--- RECORDS FOR THE TASK Enclosed Below ---

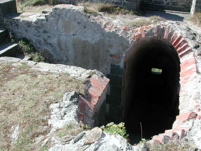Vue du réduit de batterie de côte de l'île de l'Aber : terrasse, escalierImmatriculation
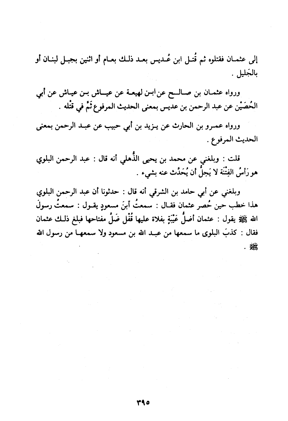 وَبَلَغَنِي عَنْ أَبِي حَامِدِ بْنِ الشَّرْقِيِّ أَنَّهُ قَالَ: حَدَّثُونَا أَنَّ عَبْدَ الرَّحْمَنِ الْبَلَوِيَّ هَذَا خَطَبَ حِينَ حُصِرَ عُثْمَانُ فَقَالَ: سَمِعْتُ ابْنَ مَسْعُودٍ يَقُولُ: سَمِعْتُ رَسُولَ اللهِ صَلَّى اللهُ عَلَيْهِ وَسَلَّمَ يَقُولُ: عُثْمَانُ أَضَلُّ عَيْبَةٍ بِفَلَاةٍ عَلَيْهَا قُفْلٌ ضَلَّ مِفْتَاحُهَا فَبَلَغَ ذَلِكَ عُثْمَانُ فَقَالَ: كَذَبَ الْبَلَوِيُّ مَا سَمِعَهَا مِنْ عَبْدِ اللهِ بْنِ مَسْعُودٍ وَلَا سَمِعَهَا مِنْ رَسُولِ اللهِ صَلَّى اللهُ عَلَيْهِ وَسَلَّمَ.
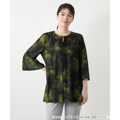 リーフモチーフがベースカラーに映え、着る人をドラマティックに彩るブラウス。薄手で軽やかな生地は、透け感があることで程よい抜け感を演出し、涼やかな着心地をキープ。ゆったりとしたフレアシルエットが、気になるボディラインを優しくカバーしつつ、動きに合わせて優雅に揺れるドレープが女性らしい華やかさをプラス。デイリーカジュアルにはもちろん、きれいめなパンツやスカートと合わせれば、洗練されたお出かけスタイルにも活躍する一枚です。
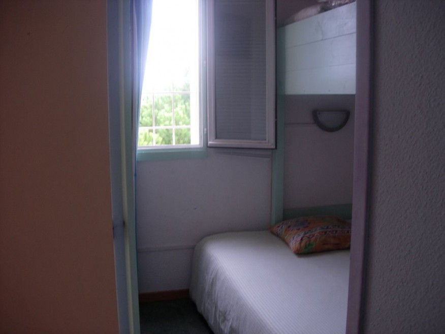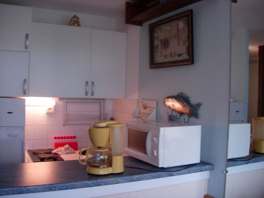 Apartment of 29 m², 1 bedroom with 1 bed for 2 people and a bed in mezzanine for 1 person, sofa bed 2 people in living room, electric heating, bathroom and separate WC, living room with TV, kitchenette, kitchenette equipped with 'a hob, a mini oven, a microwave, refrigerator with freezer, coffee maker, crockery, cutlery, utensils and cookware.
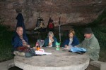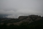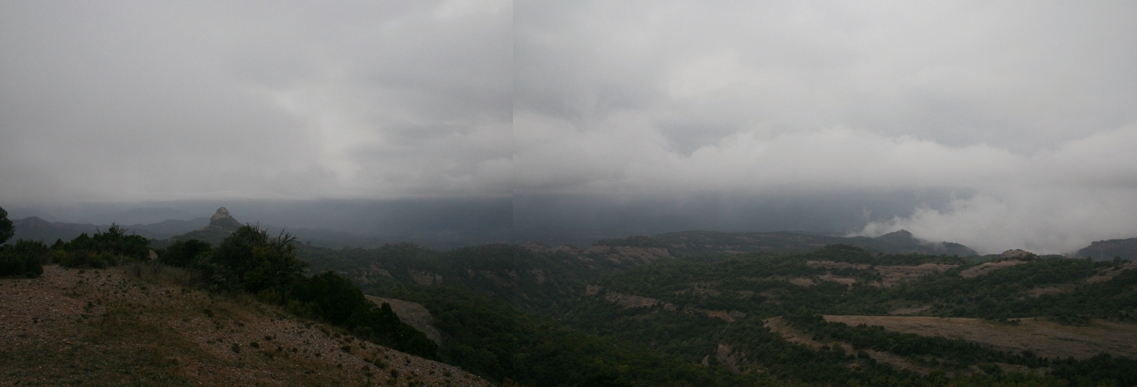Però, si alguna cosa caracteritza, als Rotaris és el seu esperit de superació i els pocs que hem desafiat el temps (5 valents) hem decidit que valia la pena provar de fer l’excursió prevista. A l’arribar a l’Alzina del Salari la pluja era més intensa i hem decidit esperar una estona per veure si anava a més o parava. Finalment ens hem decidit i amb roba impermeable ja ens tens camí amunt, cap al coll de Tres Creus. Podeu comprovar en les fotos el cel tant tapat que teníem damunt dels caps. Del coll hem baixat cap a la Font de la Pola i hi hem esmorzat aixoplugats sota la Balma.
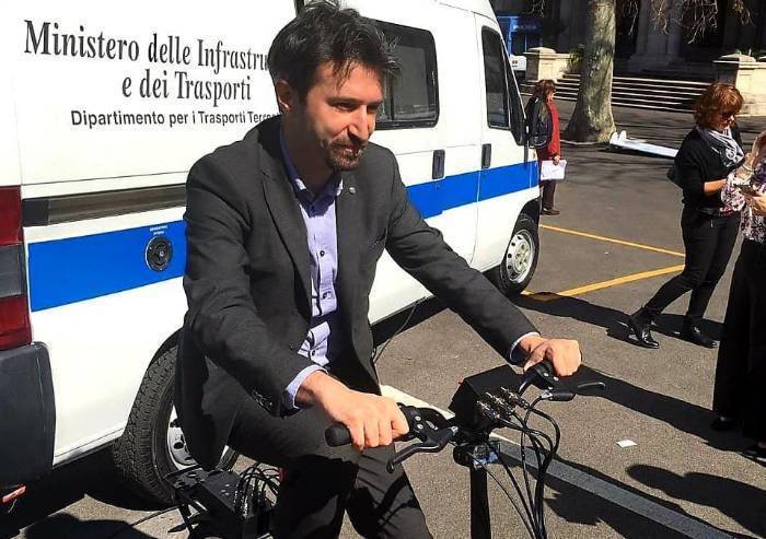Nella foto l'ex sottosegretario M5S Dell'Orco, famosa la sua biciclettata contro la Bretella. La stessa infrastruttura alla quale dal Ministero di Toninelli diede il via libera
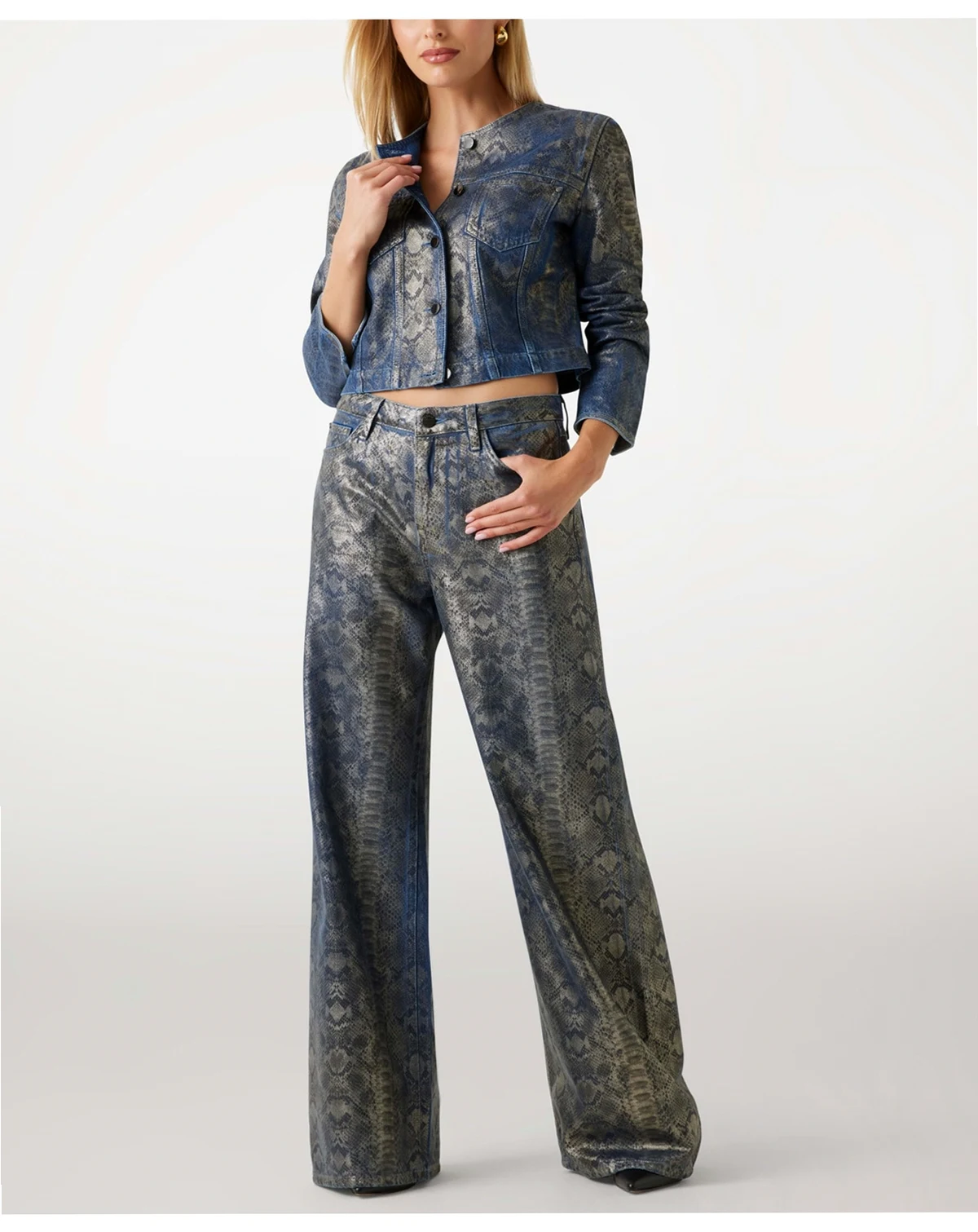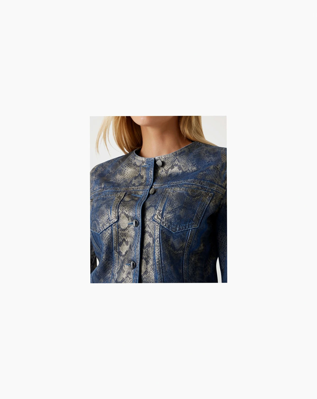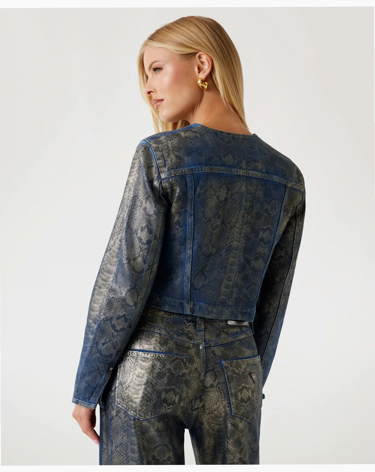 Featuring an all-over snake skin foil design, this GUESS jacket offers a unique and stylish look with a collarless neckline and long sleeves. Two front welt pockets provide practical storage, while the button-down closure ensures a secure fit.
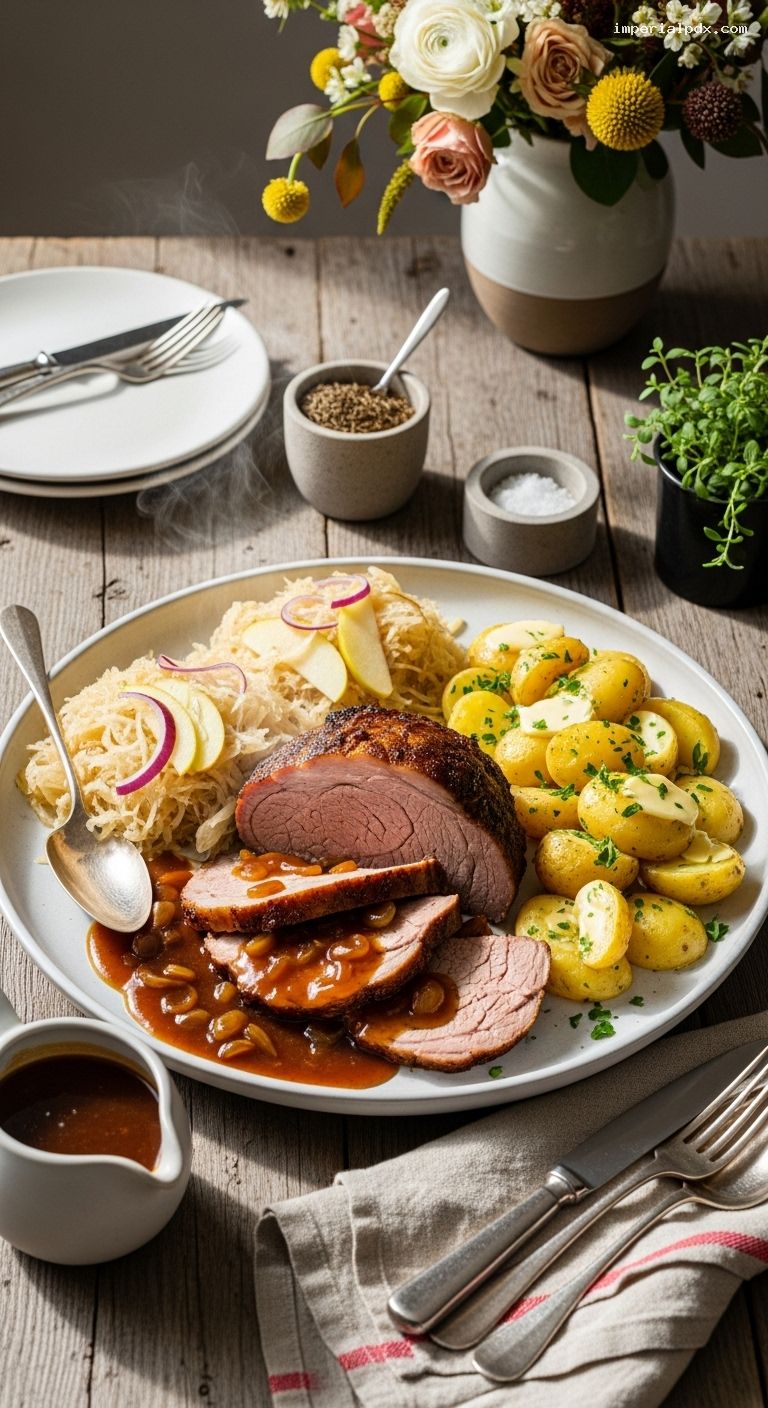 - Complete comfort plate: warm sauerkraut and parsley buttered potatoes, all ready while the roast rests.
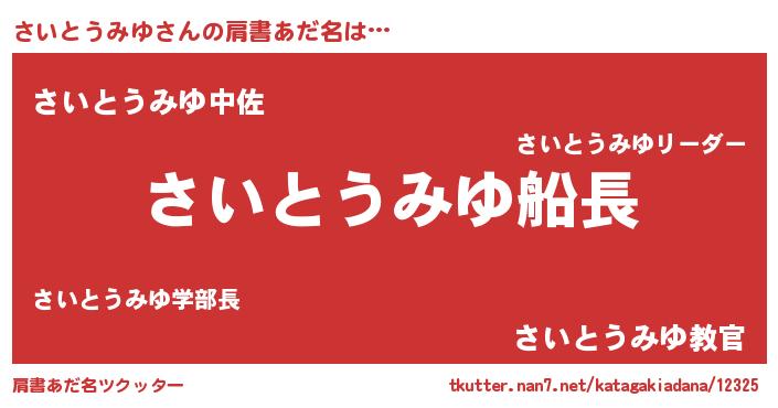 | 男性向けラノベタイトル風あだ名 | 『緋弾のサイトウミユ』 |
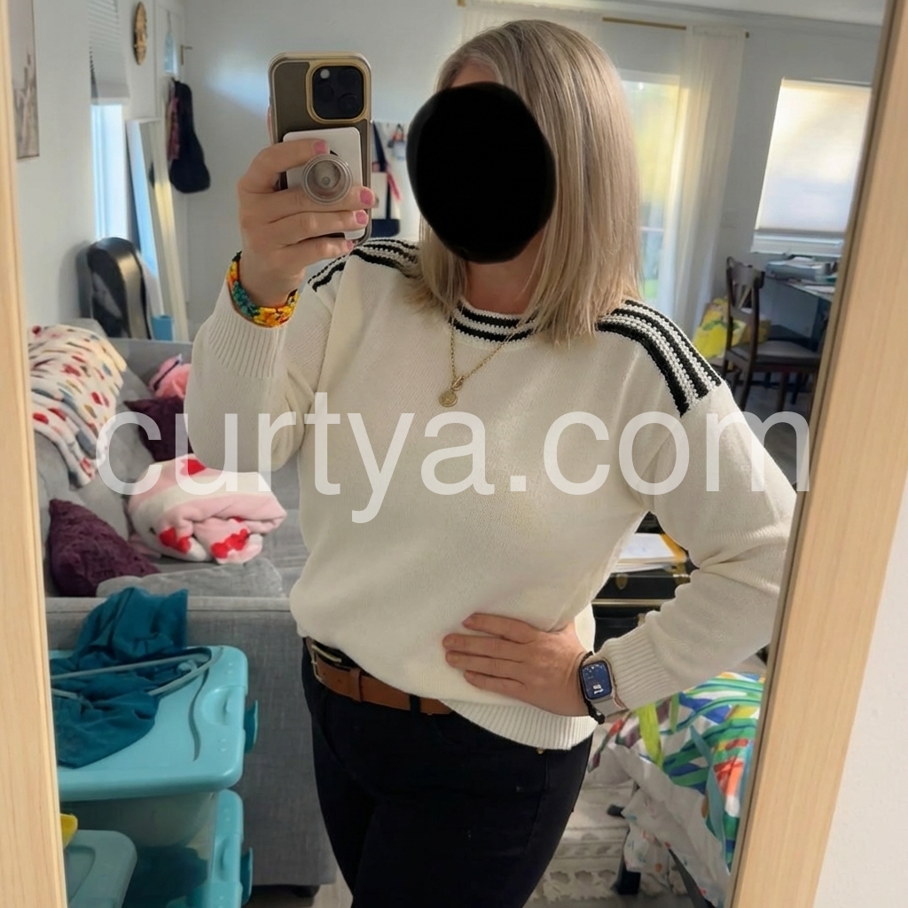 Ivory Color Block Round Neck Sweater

--- End of Enclosed RECORDS FOR THE TASK ---

PROBLEM: The expected output is the exact run of lines from the one containing "Featuring an all-over" through the final line of the data above, both ends included, with no pictures.

SOLUTION:
 Featuring an all-over snake skin foil design, this GUESS jacket offers a unique and stylish look with a collarless neckline and long sleeves. Two front welt pockets provide practical storage, while the button-down closure ensures a secure fit.
 - Complete comfort plate: warm sauerkraut and parsley buttered potatoes, all ready while the roast rests.
 | 男性向けラノベタイトル風あだ名 | 『緋弾のサイトウミユ』 |
 Ivory Color Block Round Neck Sweater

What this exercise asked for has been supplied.